Sequential reads to the same page make these types of transactions even more profitable as each successive access can s Cheduled at a minimum of Tburst (4T) clocks from the last. The timing is captured as the Cas-to-cas delay (TCCD) and are commonly referred to as ' back-to-back CAS Delay ' (Business-to-business), as SH Own per Figure 7. This feature makes possible extremely high data transfer rates for total burst lengths of one page or less-in we case, 8KB.
Click to enlarge
Figure 7. Triple Burst Chop read with Precharge and subsequent banks access
Although not ideal, a page-empty access was still preferred to a miss. In the "The bank" is accessed are Idle with no page open. Common sense tells us any attempt to read or write data to a page in this bank first requires we Activate the bank. In other words, nominal access latency now includes the time to open the Page-row-column (or Command) Delay (TRCD). This was a doubling of the minimum access latency when compared to that of the Page-hit case! Twelve cycles (TRCD + CL) now elapse before the first word is returned. Figure 8 shows this detail.
Click to enlarge
Figure 8. Page-empty timing. Page remains open
Finally, as if the relative penalty of page-empty access wasn ' t bad enough, here comes Page-miss. A miss occurs anytime a memory transaction must first close an open page on order to open an alternate page in the same BA Nk. Only then can the specified data access take place. First closing an open page requires a precharge, adding the RAS precharge (TRP) delay to any already lengthy operation. As you can see by figure 9, the nominal latency of a access of this type are three times that of one Page-hit ope ration!
Click to enlarge
Figure 9. Page-miss timing. Page remains open
The relative Gain/loss ratio for each access type can is quickly assessed simply through a cursory review of the most BASI C Device Timings. Imagine a Memory kit rated for operation in ddr3-1600, 6-6-6-18 (Cl-trcd-trp-tras): With nothing more we can estimate six Cycles for a page-hit access, cycles for a page-empty access, and the cycles for a page-miss access.
Normalized to the Page-hit access latency, page-empty access was twice as long, and Page-miss access is a whole three times As Long.
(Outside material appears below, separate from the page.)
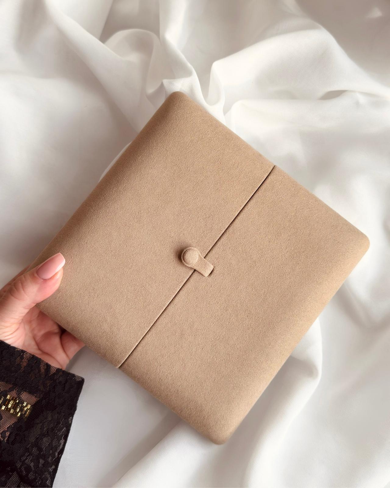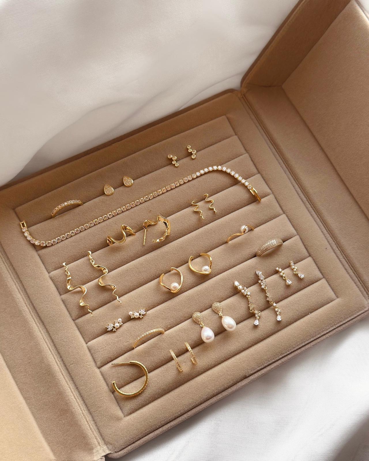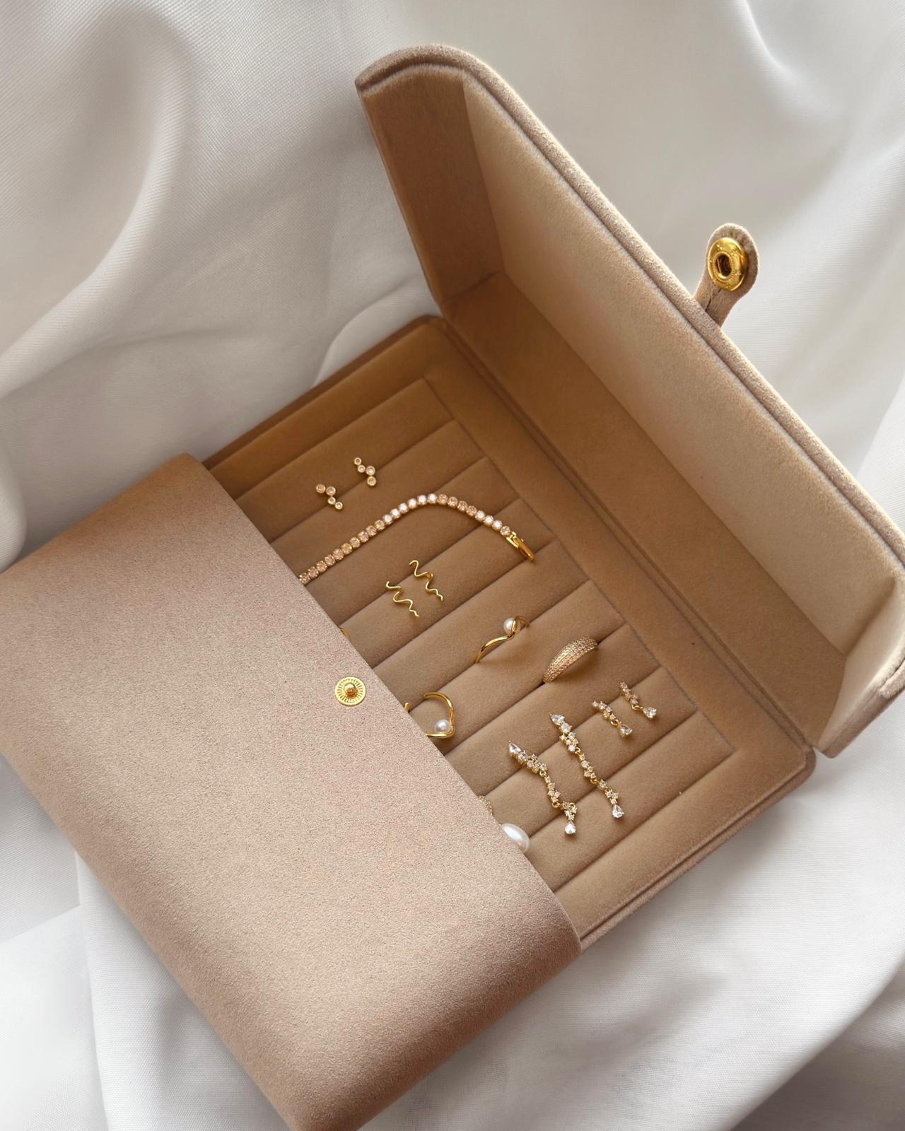 En smukt udformet opbevaringsløsning, skabt til den moderne smykkeelsker. Indretningen er gennemtænkt, så du altid har det perfekte overblik over dine favoritter. De fine rum giver plads til både øreringe og ringe, mens den elegante lukning fuldender helhedsindtrykket med et pænt og harmonisk udtryk. Et tidløst design, der kombinerer funktionalitet og finesse.
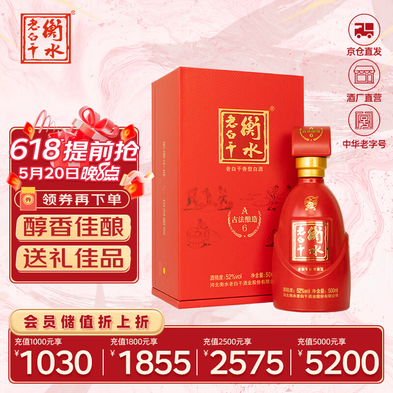 衡水老白干古法酿造A6 老白干香型白酒 52度 500ml单瓶装 婚宴送礼价格:199.00元!

If we combine this with what we know about the inner functions of the SDRAM state machine we see Page-hit and Page-miss ar E really just subsets of the same bank state (active). Of course, page-empty access necessarily implies an idle bank. The following proof rewards us with some powerful insight.
The variable n also represents the percentage of accesses to banks with open pages This must result in a Page-hit Access if we are to simply pace the nominal access latency this would be achieved if every read access is to an idle ban K. and the thing This depends the RAS precharge delay and the Row-column (or Command) delay of the Dev Ice in question.
You would think by working to maximize N, performance would is maximized as well. And you're ' d is right. Let's take the what we've learned thus far and step it up a notch. We Promise, after this you'll never see memory timings in the same light ever again.
Before proceeding, we ' ve prepared a video for those of what would like to view a few simple animations meant to help V Isualize each transaction type:
What does mean you ' ve never heard of Adaptive Page Management (APM) technology? Well, that must is because Intel Marketing doesn ' t seem to feel the need to bring it up.
Simply put, Intel ' s APM determines, based on the potential implications of pending memory transactions, whether closing op En pages, or allowing them to remain open longer is beneficial to overall memory performance. In response, the memory controller may (or could not) elect to issue commands to close pages, depending on the programmed op Eration.
Figure Ten provides the general flow of events required to manage such a process. In our explanation we intend to introduce-known register settings needed to adjust the functional control polic Y, but first we need to detail the necessary actions, and purpose, the of the design elements, a such. A better understanding of the underlying logic would pay dividends as you attempt to dial in measurable performance improve ments through experimentation.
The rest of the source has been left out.